::: Data in this exercise

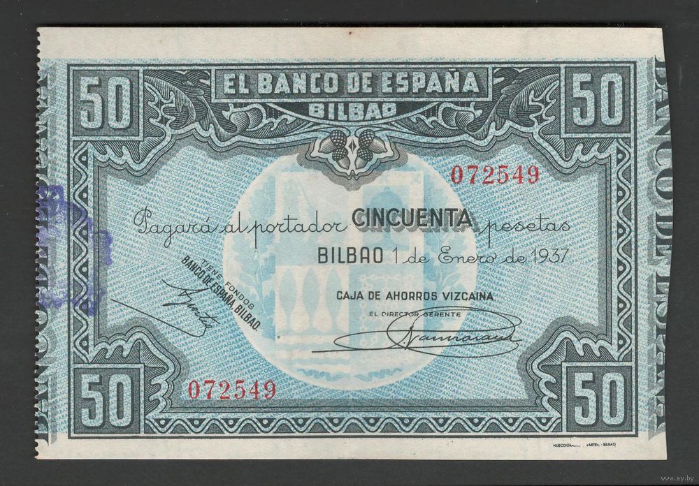 Испания Бильбао 50 песет 1937 года. Тип PS-561. Состояние XF+
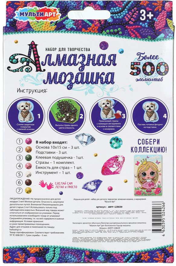 Набор для детского творчества — фигурная кристальная мозаика на подставке «Стильные щенки» ТМ «Мульти Арт» — отличный подарок для ребёнка, который будет способствовать развитию его творческих способностей. При помощи этого набора юные творцы смогут создать красивые поделки в виде очаровательных собачек, декорированные сверкающими стразами. Блестящие фигурки устанавливаются на специальные подставки, их можно подарить близким или использовать для украшения комнаты. |
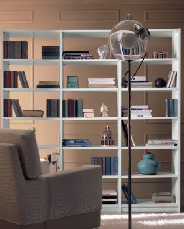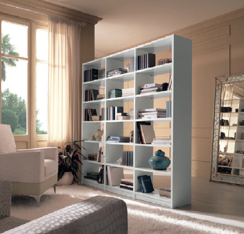 Bookcase bookshelf from Italian manufacturer CP Mobili. The model is two-sided, made of wood, there are 3 sections with open shelves. Finish - lacquer in white. The style is modern. Perfectly fit into office, living room, library.
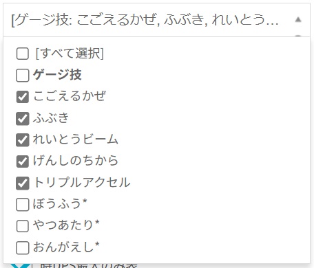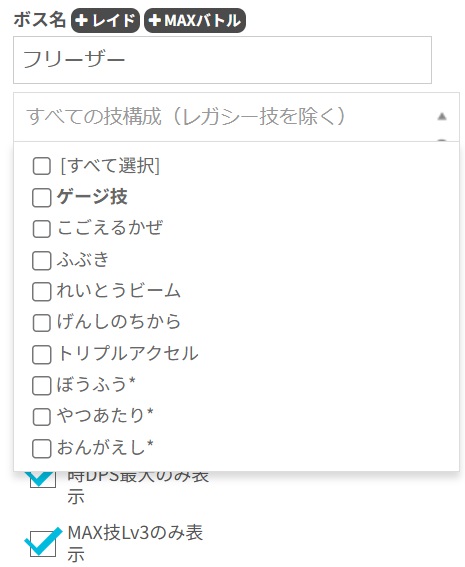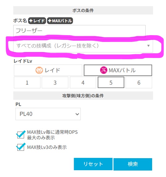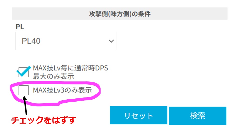 そこで、マックスわざ(Lv3)のチェックボックスを外して調べてみましょう。
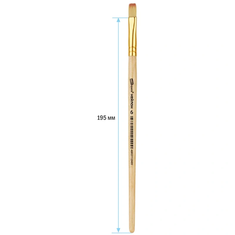 Кисть для рисования из нейлона Artspace №6, плоская, короткая ручка
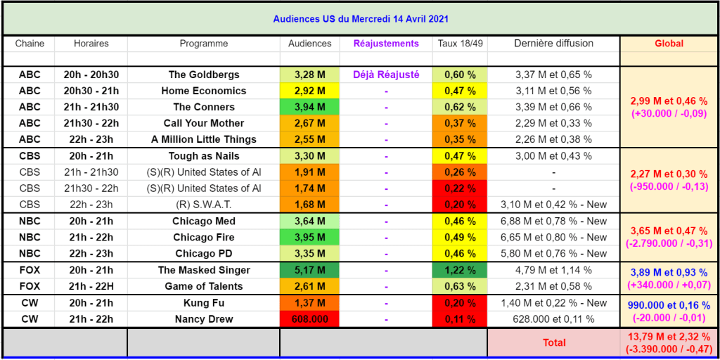 Ensuite, les 2 relances de United States of Al attirent 1,91 M et 1,74 M (0,26% / 0,22%). La relance de SWAT – renouvelée pour une saison 5 par CBS ! – rassemble 1,68 M et 0,20 % – Très faible sur taux mais ca n’a pas d’importance vu que c’est une rediffusion.
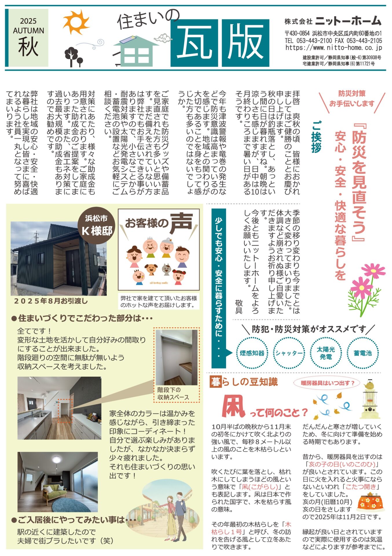 住まいの瓦版2025年秋号発行@浜松市中央区工務店
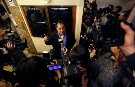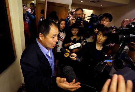 A family member of a passenger onboard Malaysia Airlines Flight MH370 speaks to the media after a routine briefing given by the Malaysian government and the military's representatives at Lido Hotel in Beijing, March 23, 2014. Australia's prime minister said on Sunday there was "increasing hope" of a breakthrough in the hunt for a missing Malaysian airliner carrying 239 people, after Chinese satellite images showed what could be debris within a search area deep in the southern Indian Ocean. REUTERS/Jason Lee (CHINA - Tags: DISASTER SOCIETY POLITICS TRANSPORT)
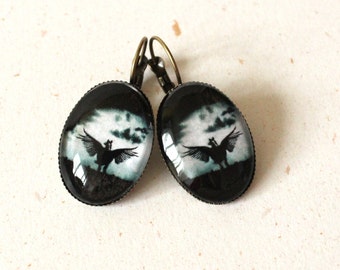Pegasus earrings, oval dangle earrings, equine jewelry, dark green flying fantasy horse earrings

::::::

» Exercise details
Retyping should start at the first line of the data above and stop after the line with "住まいの瓦版2025年秋号発行@浜松市中央区工務店", and no picture should be included.

» Answer space
 Испания Бильбао 50 песет 1937 года. Тип PS-561. Состояние XF+
 Набор для детского творчества — фигурная кристальная мозаика на подставке «Стильные щенки» ТМ «Мульти Арт» — отличный подарок для ребёнка, который будет способствовать развитию его творческих способностей. При помощи этого набора юные творцы смогут создать красивые поделки в виде очаровательных собачек, декорированные сверкающими стразами. Блестящие фигурки устанавливаются на специальные подставки, их можно подарить близким или использовать для украшения комнаты. |
 Bookcase bookshelf from Italian manufacturer CP Mobili. The model is two-sided, made of wood, there are 3 sections with open shelves. Finish - lacquer in white. The style is modern. Perfectly fit into office, living room, library.
 そこで、マックスわざ(Lv3)のチェックボックスを外して調べてみましょう。
 Кисть для рисования из нейлона Artspace №6, плоская, короткая ручка
 Ensuite, les 2 relances de United States of Al attirent 1,91 M et 1,74 M (0,26% / 0,22%). La relance de SWAT – renouvelée pour une saison 5 par CBS ! – rassemble 1,68 M et 0,20 % – Très faible sur taux mais ca n’a pas d’importance vu que c’est une rediffusion.
 住まいの瓦版2025年秋号発行@浜松市中央区工務店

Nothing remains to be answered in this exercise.